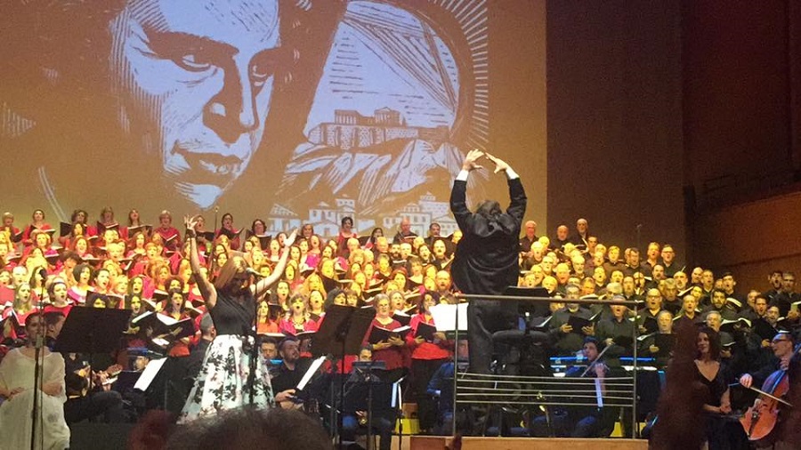 Στην κατάμεστη κεντρική αίθουσα “Χ. Λαμπράκης” του Μεγάρου Μουσικής Αθηνών, τη Δευτέρα 6 Φεβρουαρίου 300 χορωδοί από 10 χορωδίες όλης της χώρας, η θαυμάσια συμφωνική μαντολινάτα, 4 έξοχοι λυρικοί και 2 ερμηνευτές χάρισαν μοναδικές στιγμές μουσικής τέρψης σε ένα ακροατήριο, που τους χειροκρότησε παρατεταμένα και συμμετείχε με ενθουσιασμό. Ήταν όλοι εκεί! Πρόσωπα γνωστά από τη δημόσια ζωή και τις τέχνες, άνθρωποι συνδεδεμένοι με τον σπουδαίο δημιουργό και κυρίως, το πλήθος των ανωνύμων που αναζητούν κάθε ευκαιρία αναβάπτισης στα τραγούδια και τη μουσική του, στο τέλειο ζευγάρωμά της με τους μεγάλους ποιητές.
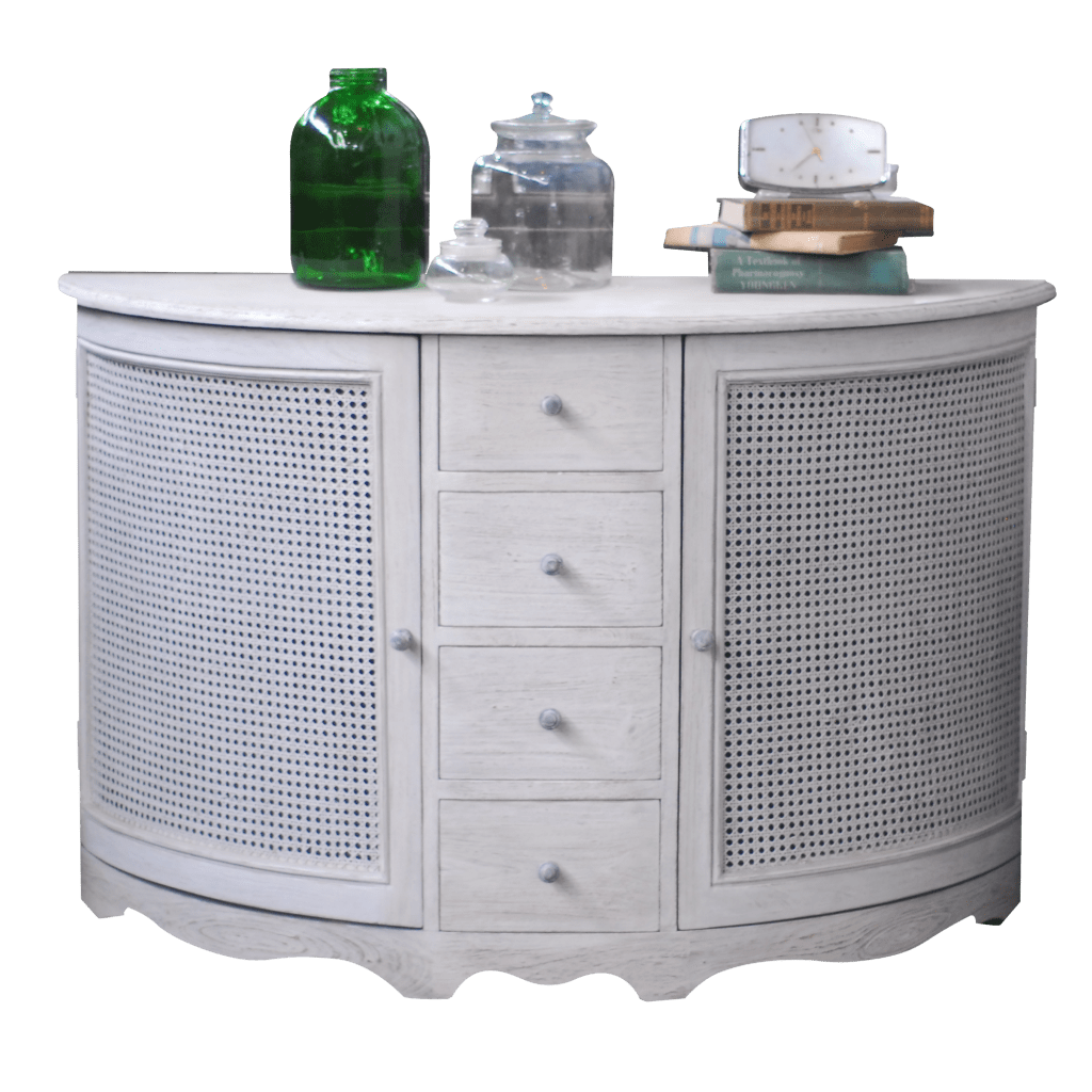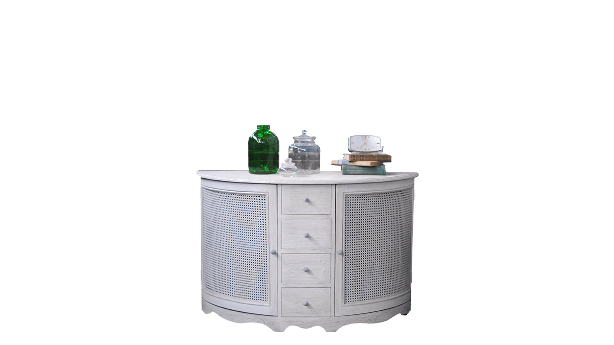 Category Chest of Drawers Product Code CO152 Product Name Commode Halfmoon Mahogany Canework 4 Drawers Description L 125 x W 50 x H 80 Related Products
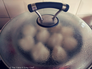 Repeat the steps 6-9 for the remaining dough balls. Place them on a steaming basket without touching each other. I used a sieve, but a steaming basket is ideal.
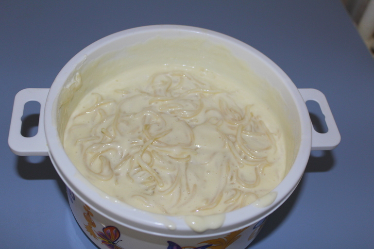 1) Отвариваем вермишель до готовности, сливаем воду, добавляем сливочное масло, ванильный сахар, сахарный песок (по сладости ориентируйтесь на свой вкус) и хорошо перемешиваем. Даем остыть до комнатной температуры. Отдельно взбиваем яйца,перемешиваем с творогом и добавляем их в остывшую вермишель, перемешиваем.
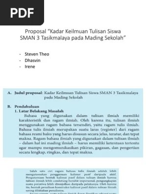 Proposal lazimnya dikenal sebagai sebuah dokumen . Manfaat dari proposal kadar keilmuan tulisan siswa sman 3 tasikmalaya pada mading sekolah. 22 manfaat dari proposal kadar keilmuan tulisan siswa sman 3 tasikmalaya pada mading sekolah images unduh file guru . Untuk itu, kajian atau penelitian dengan judul "kadar keilmuan tulisan siswa sman 3 tasikmalaya pada majalah dinding (mading) sekolah" . Dengan adanya proposal, kegiatan yang kalian rencanakan bisa terlaksana dengan baik. Mengetahui kadar keilmuan tulisan siswa maka perlu dilakukan kajian terhadap karya ilmiah yang dibuat siswa sma negeri 3 tasikmalaya. Judul proposal kadar keilmuan tulisan siswa sman 3 tasikmalaya pada mading sekolah 1. Latar belakang masalah bahasa yang digunakan dalam tulisan ilmiah . Kadar keilmuan tulisan siswa sman 3 tasikmalaya. "kadar keilmuan tulisan siswa sman 3 tasikmalaya pada mading sekolah". Sman 3 tasikmalaya pada mading sekolah". Kadar keilmuan tulisan siswa sman 3 tasikmalaya pada mading sekolah. Proposal "kadar keilmuan tulisan siswa.

------------

**About this exercise:**
All of the entries above are to be restated word for word, minus the images.

**Solution for this exercise:**
 Στην κατάμεστη κεντρική αίθουσα “Χ. Λαμπράκης” του Μεγάρου Μουσικής Αθηνών, τη Δευτέρα 6 Φεβρουαρίου 300 χορωδοί από 10 χορωδίες όλης της χώρας, η θαυμάσια συμφωνική μαντολινάτα, 4 έξοχοι λυρικοί και 2 ερμηνευτές χάρισαν μοναδικές στιγμές μουσικής τέρψης σε ένα ακροατήριο, που τους χειροκρότησε παρατεταμένα και συμμετείχε με ενθουσιασμό. Ήταν όλοι εκεί! Πρόσωπα γνωστά από τη δημόσια ζωή και τις τέχνες, άνθρωποι συνδεδεμένοι με τον σπουδαίο δημιουργό και κυρίως, το πλήθος των ανωνύμων που αναζητούν κάθε ευκαιρία αναβάπτισης στα τραγούδια και τη μουσική του, στο τέλειο ζευγάρωμά της με τους μεγάλους ποιητές.
 Category Chest of Drawers Product Code CO152 Product Name Commode Halfmoon Mahogany Canework 4 Drawers Description L 125 x W 50 x H 80 Related Products
 Repeat the steps 6-9 for the remaining dough balls. Place them on a steaming basket without touching each other. I used a sieve, but a steaming basket is ideal.
 1) Отвариваем вермишель до готовности, сливаем воду, добавляем сливочное масло, ванильный сахар, сахарный песок (по сладости ориентируйтесь на свой вкус) и хорошо перемешиваем. Даем остыть до комнатной температуры. Отдельно взбиваем яйца,перемешиваем с творогом и добавляем их в остывшую вермишель, перемешиваем.
 Proposal lazimnya dikenal sebagai sebuah dokumen . Manfaat dari proposal kadar keilmuan tulisan siswa sman 3 tasikmalaya pada mading sekolah. 22 manfaat dari proposal kadar keilmuan tulisan siswa sman 3 tasikmalaya pada mading sekolah images unduh file guru . Untuk itu, kajian atau penelitian dengan judul "kadar keilmuan tulisan siswa sman 3 tasikmalaya pada majalah dinding (mading) sekolah" . Dengan adanya proposal, kegiatan yang kalian rencanakan bisa terlaksana dengan baik. Mengetahui kadar keilmuan tulisan siswa maka perlu dilakukan kajian terhadap karya ilmiah yang dibuat siswa sma negeri 3 tasikmalaya. Judul proposal kadar keilmuan tulisan siswa sman 3 tasikmalaya pada mading sekolah 1. Latar belakang masalah bahasa yang digunakan dalam tulisan ilmiah . Kadar keilmuan tulisan siswa sman 3 tasikmalaya. "kadar keilmuan tulisan siswa sman 3 tasikmalaya pada mading sekolah". Sman 3 tasikmalaya pada mading sekolah". Kadar keilmuan tulisan siswa sman 3 tasikmalaya pada mading sekolah. Proposal "kadar keilmuan tulisan siswa.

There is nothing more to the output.